- **Listed records**
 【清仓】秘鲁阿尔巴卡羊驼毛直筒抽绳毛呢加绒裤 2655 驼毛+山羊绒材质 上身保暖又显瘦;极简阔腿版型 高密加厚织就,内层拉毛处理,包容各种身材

--

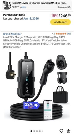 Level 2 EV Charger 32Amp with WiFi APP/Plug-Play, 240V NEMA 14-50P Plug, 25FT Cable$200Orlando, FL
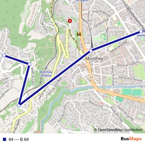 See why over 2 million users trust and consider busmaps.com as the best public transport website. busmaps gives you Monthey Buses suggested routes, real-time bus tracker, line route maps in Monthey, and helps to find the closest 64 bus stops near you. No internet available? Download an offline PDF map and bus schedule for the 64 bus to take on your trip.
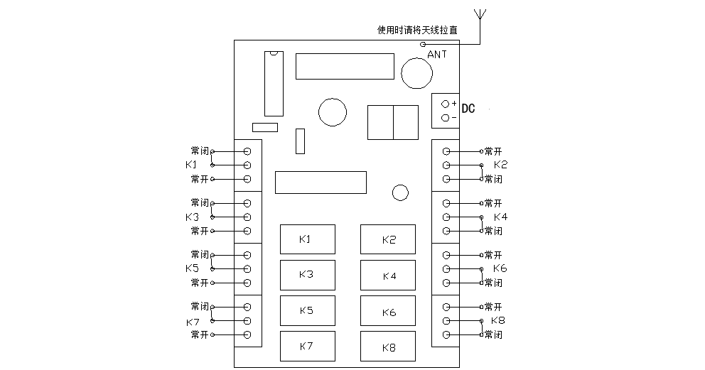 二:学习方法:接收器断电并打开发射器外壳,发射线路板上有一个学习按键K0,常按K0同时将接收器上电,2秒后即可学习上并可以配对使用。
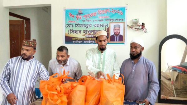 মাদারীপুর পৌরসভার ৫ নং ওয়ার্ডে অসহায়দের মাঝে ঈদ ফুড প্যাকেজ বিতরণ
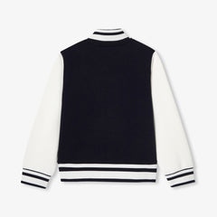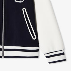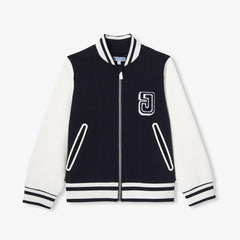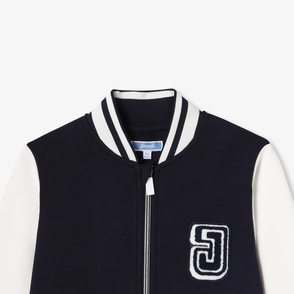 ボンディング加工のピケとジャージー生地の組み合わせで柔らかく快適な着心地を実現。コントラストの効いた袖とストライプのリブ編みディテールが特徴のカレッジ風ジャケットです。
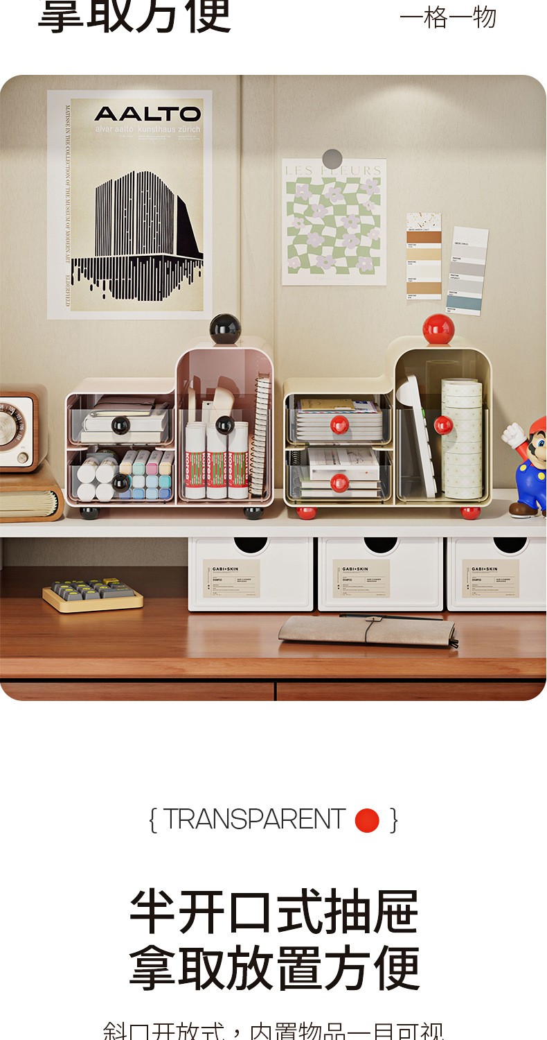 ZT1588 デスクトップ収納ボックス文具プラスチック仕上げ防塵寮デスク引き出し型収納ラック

- **Activity**
Leaving out all pictures, set down exactly the lines of the material above, from the line with "মাদারীপুর পৌরসভার ৫" to the line with "ZT1588 デスクトップ収" inclusive, and no others.

- **Output**
 মাদারীপুর পৌরসভার ৫ নং ওয়ার্ডে অসহায়দের মাঝে ঈদ ফুড প্যাকেজ বিতরণ
 ボンディング加工のピケとジャージー生地の組み合わせで柔らかく快適な着心地を実現。コントラストの効いた袖とストライプのリブ編みディテールが特徴のカレッジ風ジャケットです。
 ZT1588 デスクトップ収納ボックス文具プラスチック仕上げ防塵寮デスク引き出し型収納ラック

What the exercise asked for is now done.